━━━━━ RECORD EXTRACTS

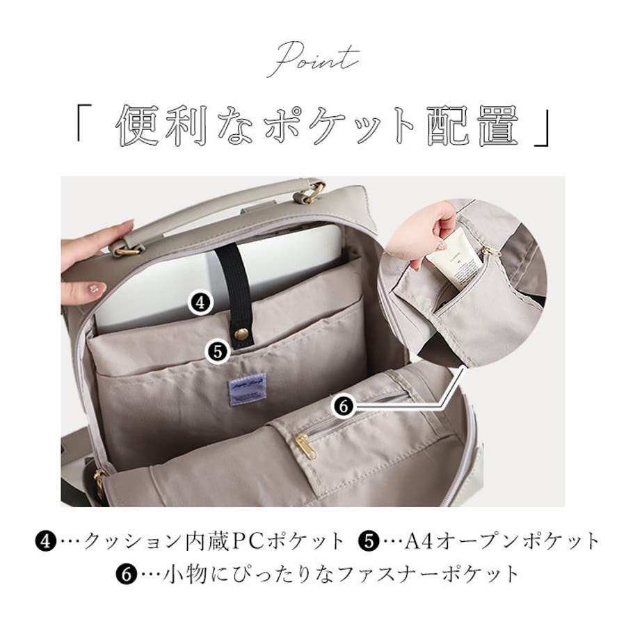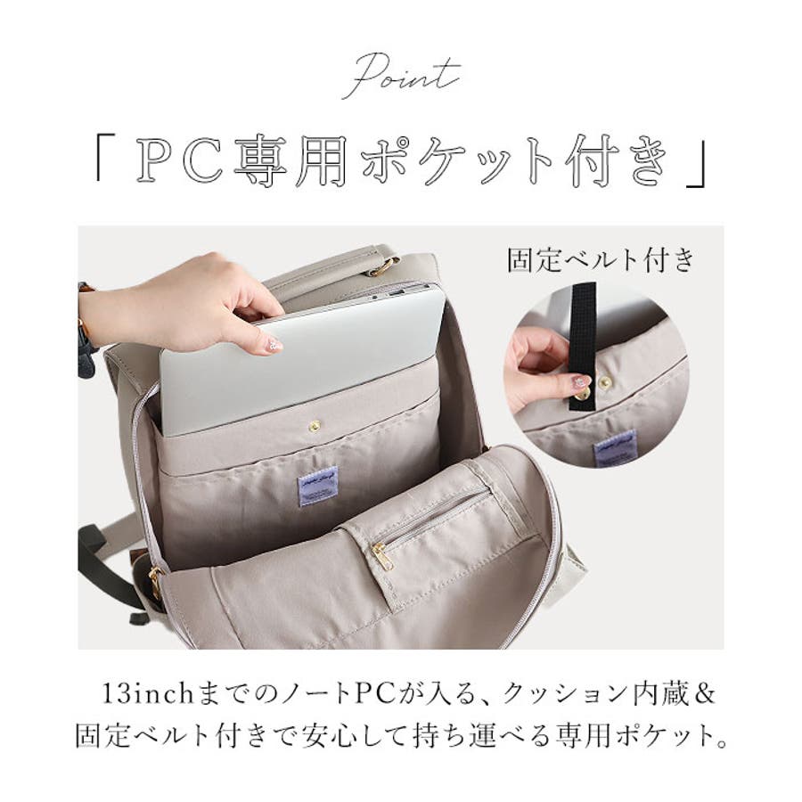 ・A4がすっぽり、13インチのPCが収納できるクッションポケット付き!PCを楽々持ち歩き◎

━━━━━━━━━━
━━━━━ RECORD EXTRACTS

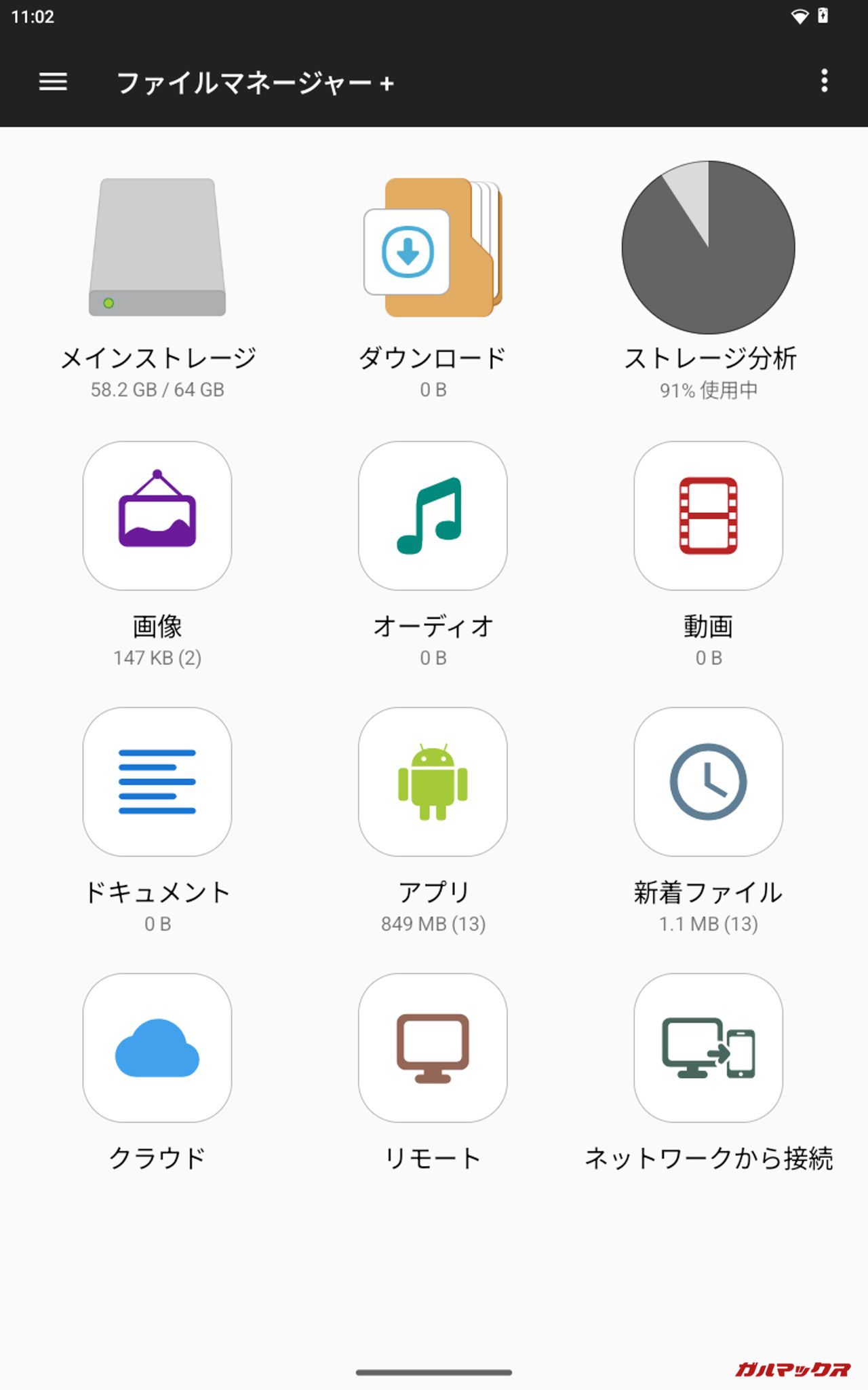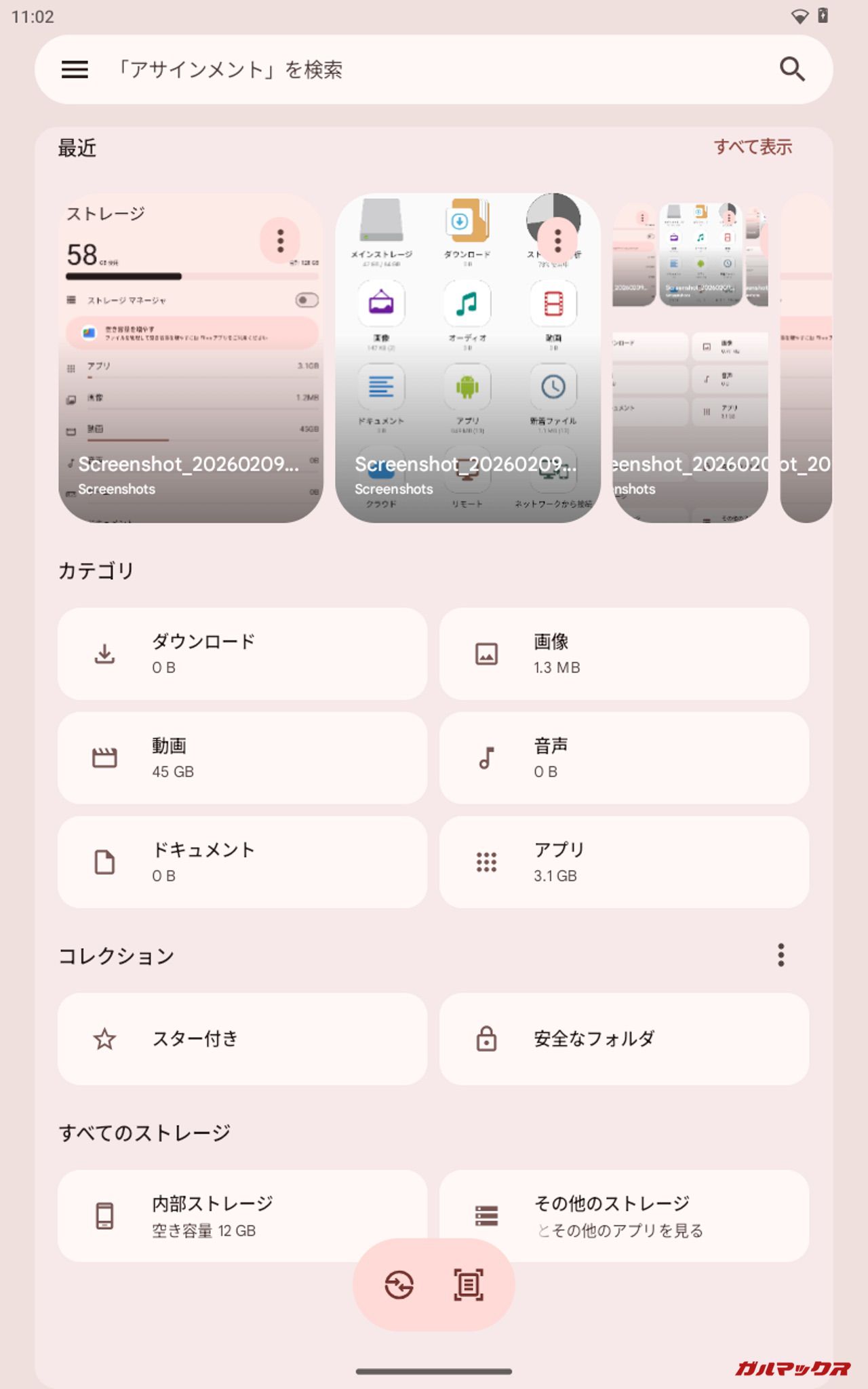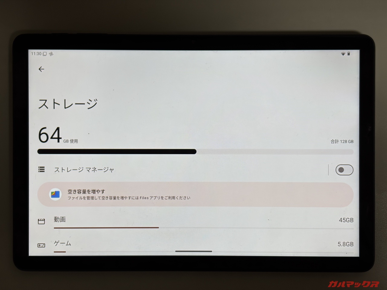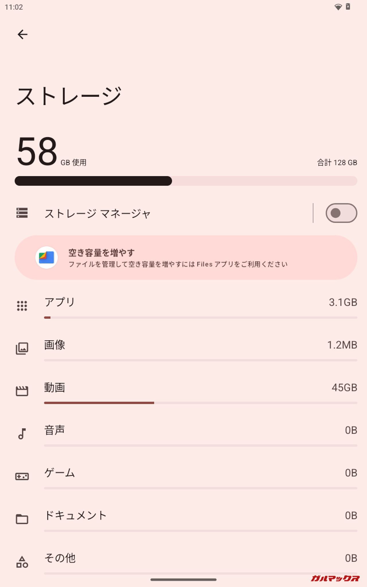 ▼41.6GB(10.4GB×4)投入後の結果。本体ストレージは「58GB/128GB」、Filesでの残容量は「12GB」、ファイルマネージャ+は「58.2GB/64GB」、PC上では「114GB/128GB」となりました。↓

━━━━━━━━━━
━━━━━ RECORD EXTRACTS

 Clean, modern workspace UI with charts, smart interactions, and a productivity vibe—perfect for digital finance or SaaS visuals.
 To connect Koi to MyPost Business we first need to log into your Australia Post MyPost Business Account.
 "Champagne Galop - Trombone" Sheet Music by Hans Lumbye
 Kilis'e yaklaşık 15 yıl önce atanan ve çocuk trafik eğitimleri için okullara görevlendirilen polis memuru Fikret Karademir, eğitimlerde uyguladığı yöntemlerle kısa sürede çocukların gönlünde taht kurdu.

━━━━━━━━━━

Both the line containing "Clean, modern workspace" and the line containing "by Hans Lumbye" belong in the answer. Print them and every line above that falls between them exactly, and no others.

 Clean, modern workspace UI with charts, smart interactions, and a productivity vibe—perfect for digital finance or SaaS visuals.
 To connect Koi to MyPost Business we first need to log into your Australia Post MyPost Business Account.
 "Champagne Galop - Trombone" Sheet Music by Hans Lumbye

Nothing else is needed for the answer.